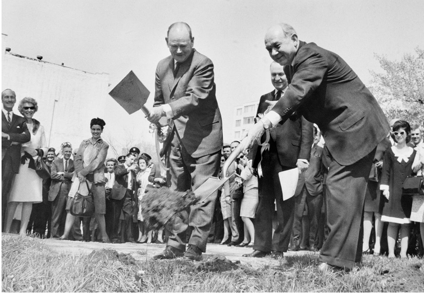
Australian Minister for External Affairs Paul Hasluck and US Secretary of State Dean Rusk break ground for the new Australian Chancery in Washington, 1967
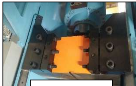
45° Adjustable Gibs
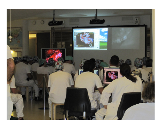
Course participants during the course in 2010
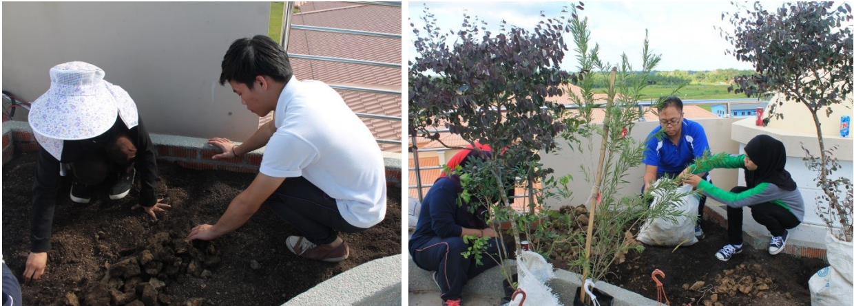
Figure 3: Soil medium preparation and transplanting plants for planter boxes
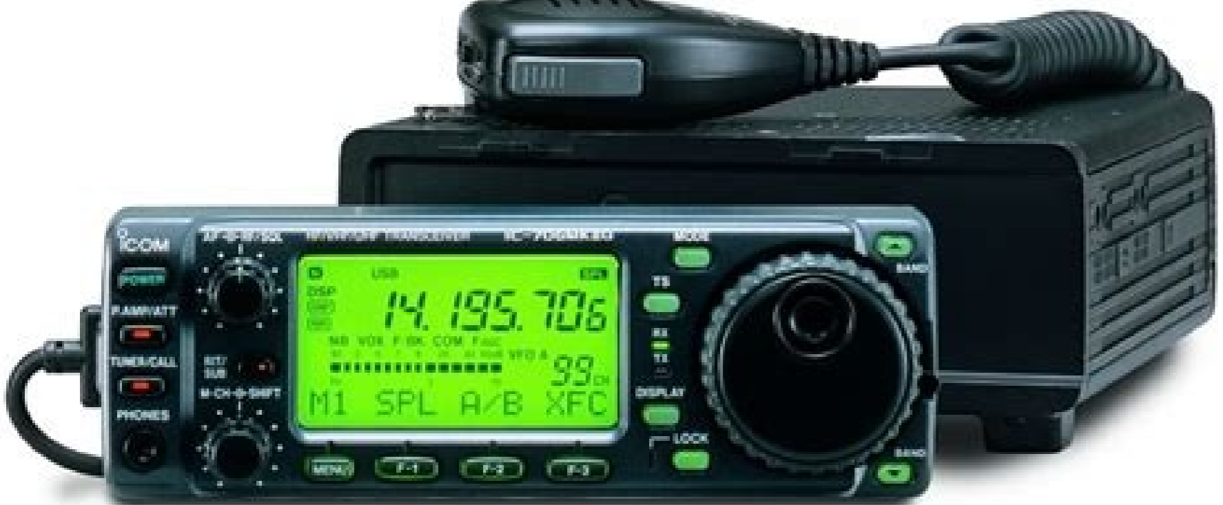
Ic 706 mk2 service manual. Icom ic-706 service manual pdf. Icom ic-706 mk2 service manual. Icom ic 706mk2g service manual.
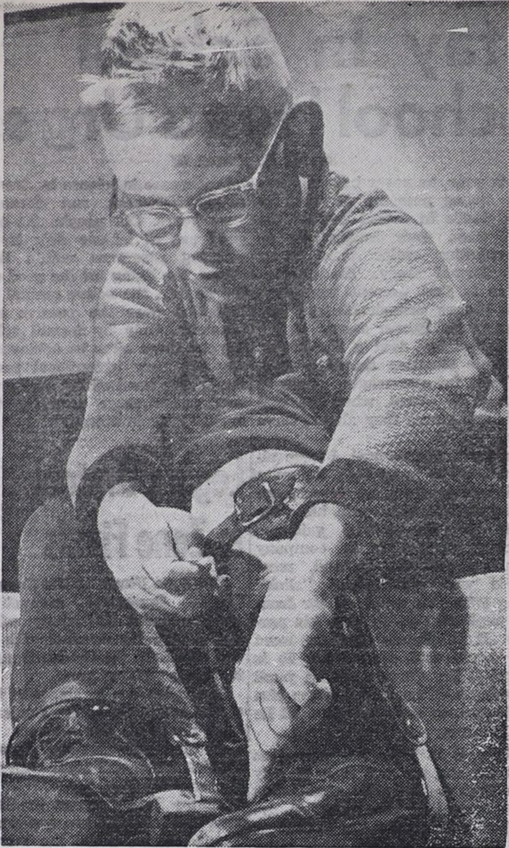
Even the tying of a shoe can be a big accomplishment for a young lad whose legs and arms are weakened by a physical handicap. There are more than 15,000 crippled children who are being assisted by the Ontario Society for Crippled Children — and this work is only possible because of the support given to the Easter Seal Campaign. The month-long campaign opens today and has a provincial objective of $875,000.

--------

:: Activity ::
Return every line of the listing exactly, leaving its pictures behind.

:: Reply to the task ::
Australian Minister for External Affairs Paul Hasluck and US Secretary of State Dean Rusk break ground for the new Australian Chancery in Washington, 1967
45° Adjustable Gibs
Course participants during the course in 2010
Figure 3: Soil medium preparation and transplanting plants for planter boxes
Ic 706 mk2 service manual. Icom ic-706 service manual pdf. Icom ic-706 mk2 service manual. Icom ic 706mk2g service manual.
Even the tying of a shoe can be a big accomplishment for a young lad whose legs and arms are weakened by a physical handicap. There are more than 15,000 crippled children who are being assisted by the Ontario Society for Crippled Children — and this work is only possible because of the support given to the Easter Seal Campaign. The month-long campaign opens today and has a provincial objective of $875,000.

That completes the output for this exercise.